The tool usage patterns reveal distinct strategic approaches across models. o4 mini demonstrates the most intensive search behavior, using search tools over 25,000 times per task on average—significantly more than any other model—suggesting a thorough exploration strategy before making changes. In contrast, Claude 4 Sonnet shows a more balanced approach with moderate usage across all tool categories, using approximately 9,000-10,000 default tools and fewer search operations, indicating a more targeted problem-solving methodology.

Most models show relatively low usage of Edit/Replace, Submit, and Bash tools compared to Default and Search categories. These usage patterns align with the performance results, where o3’s exhaustive search approach and Claude 4 Sonnet’s balanced strategy both contribute to their strong accuracy scores, though at different computational costs.

Methodology

For the standardized harness, we used the one created by the SWE-agent team. The agentic tools provided included the ability to edit and search files, use bash commands, diff files, and more. You can find more information here: SWE Agent.

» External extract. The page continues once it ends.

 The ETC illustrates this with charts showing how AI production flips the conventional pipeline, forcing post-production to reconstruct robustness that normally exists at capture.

We used the SWE-bench Verified subset of the dataset. SWE-bench Verified is a human validated section of the SWE-bench dataset released by Open AI in August 2024. Each task in the split has been carefully reviewed and validated by human experts, resulting in a curated set of 500 high-quality test cases from the original benchmark. You can find more information about the Verified split of the dataset here.

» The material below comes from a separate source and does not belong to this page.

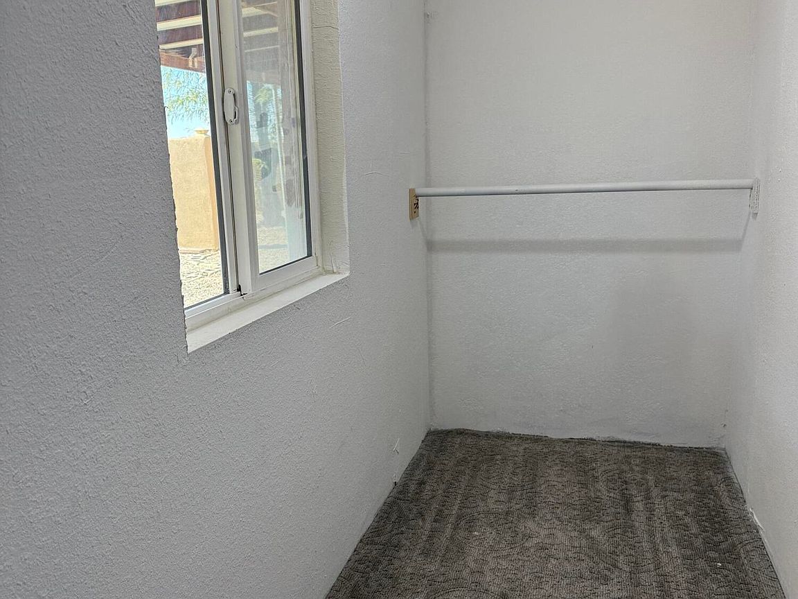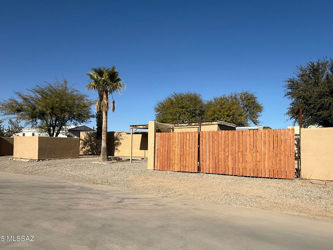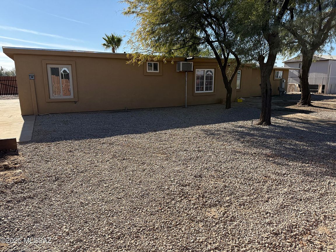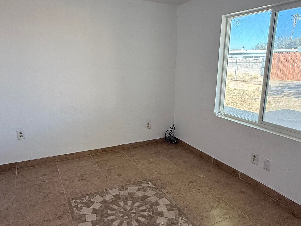 Permanently Affixed Manufactured Home with RV PARKING and HOOKUPS! Home fully framed and stucco finish. Spacious 3 bedroom/3 bath PLUS OFFICE! Large Kitchen with updated tile flooring. Brand new mini splits in each bedroom. The bright living room faces the fully gatedbackyard that boasts beautifully matured trees, decorative rock, paved deck and a detached structure that can be utilized as a workshop! The property offers lots of parking and space for all your desert toys. Plumbing and electric 2021, Roof 2024, Hot water heater 2024. Laundry/storage room.

All models had access to the same tools to ensure a fair, apples-to-apples comparison. Models were run with the default configuration given by the provider, except for the max token limit, which was always set to the highest value possible. Due to the limiting amount of cache break points per Anthropic API key, we used the rotating key option provided by SWE-agent.

All experiments were ran ran on a 8 vCPU, 32GB RAM EC2 instance. Latency was calculated starting with the first step the model took within each task.

Evaluated models were constrained to a maximum of 150 steps per task. This limit was determined by analyzing the highest step count needed to resolve instances in the “1-4 hours” difficulty category, with a 150% buffer added to ensure fair comparison across all models. We selected the “1-4 hours” difficulty category (comprising 42 instances) as it provided the optimal balance of complexity and variance, allowing us to capture a comprehensive range of steps between resolved instances. Both large and smaller models were evaluated across this test set. A “step” is a single interaction turn within the SWE-agent framework.

It may be possible to build a better harnesses than SWE-Agent for a given model - for example, Anthropic has claimed their custom harness leads to a ten percentage point improvement in accuracy. However, our aim was to adopt a fair framework with which to evaluate all models.